Они пьют чай, бесстыдно торгуясь, глядя друг на друга глазами жуликов. Приказчик весь в руках старика, это ясно; а когда старик уйдет, он скажет мне:

- Ты, смотри, не болтай хозяйке про эту покупку!

Условившись о продаже иконы, приказчик спрашивает:

- А что новенького в городе, Петр Васильич?

Расправив бороду желтой рукой, обнажив масленые губы, старик рассказывает о жизни богатых купцов: о торговых удачах, о кутежах, о болезнях, свадьбах, об изменах жен и мужей. Он печет эти жирные рассказы быстро и ловко, как хорошая кухарка блины, и поливает их шипящим смехом. Кругленькое лицо приказчика буреет от зависти и врсторга, глаза подернуты мечтательной дымкой; вздыхая, он жалобно говорит:

- Живут люди! А я вот...

- У всякого своя судьба,- гудит басок начетчика.- Одному судьбу ангелы куют серебряными молоточками, а другому - бес обухом топора...

Этот крепкий, жилистый старик всё знает - всю жизнь города, все тайны купцов, чиновников, попов, мещан. Он зорок, точно хищная птица, в нем смешалось что-то волчье и лисье; мне всегда хочется рассердить его, но он смотрит на меня издали и словно сквозь туман. Он кажется мне окруженным бездонною пустотой; если подойти к нему ближе - куда-то провалишься. И я чувствую в нем нечто родственное кочегару Шу-мову.

Хотя приказчик в глаза и за глаза восхищается его умом, но есть минуты, когда ему так же, как и мне, хочется разозлить, обидеть старика.

- А ведь обманщик ты для людей,- вдруг говорит он, задорно глядя в лицо старика.

Старик, лениво усмехаясь, отзывается:

- Один господь без обмана, а мы - в дураках живем; ежели дурака не обмануть - какая от него польза?

Приказчик горячится:

- Не все же мужики - дураки, ведь купцы-то из мужиков выходят!

- Мы не про купцов беседу ведем. Дураки жуликами не живут. Дурак свят, в нем мозги спят...

Старик говорит всё более лениво, и это очень раздражает. Мне кажется, что он стоит на кочке, а вокруг него - трясина. Рассердить его нельзя, он недосягаем гневу или умеет глубоко прятать его.

Но часто бывало, что он сам начинал привязываться ко мне,- подойдет вплоть и, усмехаясь в бороду, спросит:

- Как ты французского-то сочинителя зовешь - Понос?

Меня отчаянно сердит эта дрянная манера коверкать имена, но, сдерживаясь до времени, я отвечаю:

- Понсон де Террайль.

- Где теряет?

- А вы не дурите, вы не маленький.

- Верно, не маленький. Ты чего читаешь?

- Ефрема Сирина.

- А кто лучше пишет: гражданские твои али этот?
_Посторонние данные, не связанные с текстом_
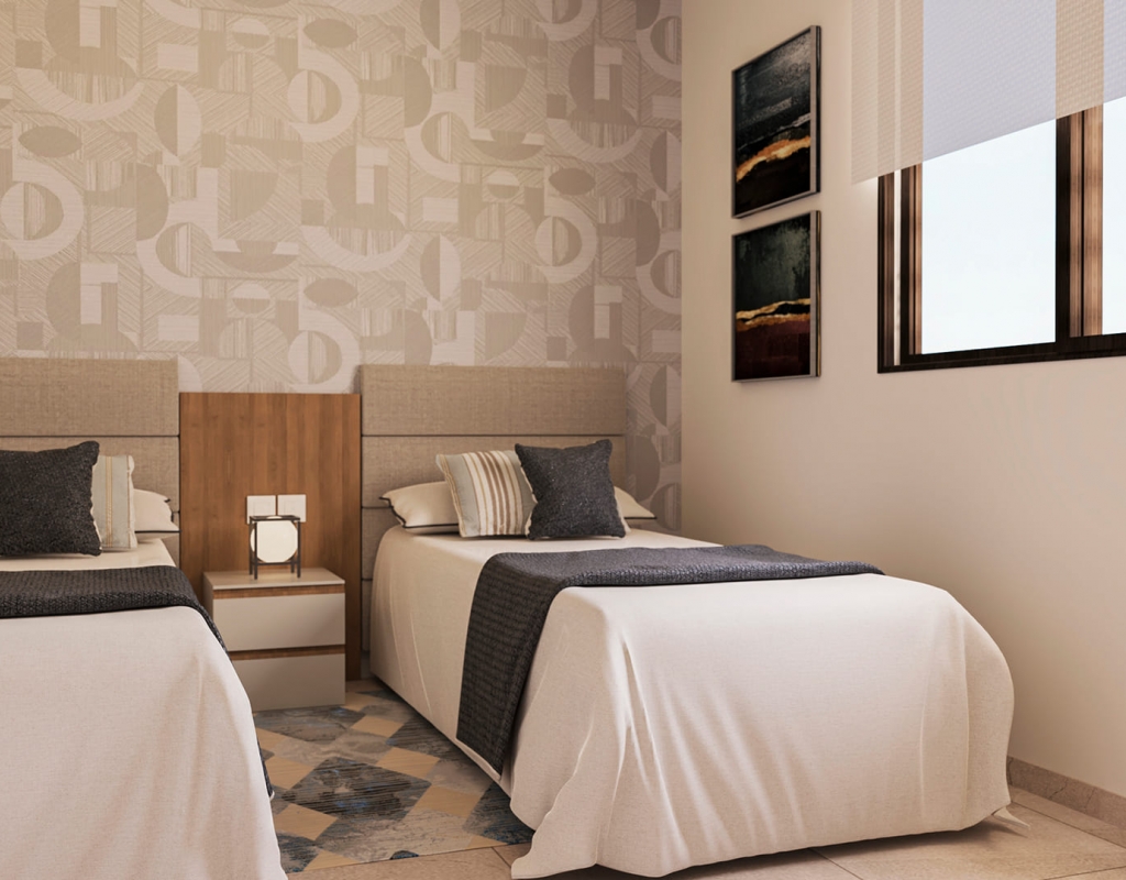 Het interieur van de woningen is ontworpen om comfort en stijl te bieden. De indelingsopties omvatten woningen met 2 en 3 slaapkamers, met 1 of 2 badkamers, die aan verschillende gezinsbehoeften voldoen. De keramische vloeren geven een elegante uitstraling en zijn gemakkelijk te onderhouden. De woningen zijn volledig gemeubileerd, wat een zorgeloze verhuizing mogelijk maakt. De keuken is uitgerust met moderne apparatuur, wat het dagelijks leven vergemakkelijkt. Het vloerverwarmingssysteem en de airconditioning garanderen het hele jaar door een comfortabel klimaat. Ingebouwde kasten bieden efficiënte opslag, waardoor de ruimtes netjes en functioneel blijven.

Я молчу.

- Гражданские-то о чем больше пишут? - не отстает он.

- Обо всем, что в жизни случается.

- Стало быть, о собаках, о лошадях,- это они случаются.

Приказчик хохочет, я злюсь. Мне очень тяжело, неприятно, но, если я сделаю попытку уйти от них, приказчик остановит:

- Куда?

А старик пытает меня:

- Ну-ка, грамотник, разгрызи задачу: стоят перед тобой тыща голых людей, пятьсот баб, пятьсот мужиков, а между ними Адам, Ева - как ты найдешь Адам-Еву?
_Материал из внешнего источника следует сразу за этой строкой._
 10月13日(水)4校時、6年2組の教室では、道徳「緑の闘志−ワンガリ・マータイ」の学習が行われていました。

Он долго допрашивает меня и, наконец, с торжеством объявляет:

- Дурачок, они ведь не родились, а созданы, значит - у них пупков нет!

Старик знает бесчисленное множество таких "задач", он может замучить ими.

Первое время дежурств в лавке я рассказывал приказчику содержание нескольких книг, прочитанных мною, теперь эти рассказы обратились во зло мне: приказчик передавал их Петру Васильеву, нарочито перевирая, грязно искажая. Старик ловко помогал ему в этом бесстыдными вопросами; их липкие языки забрасывали хламом постыдных слов Евгению Гранде, Людмилу, Генриха IV.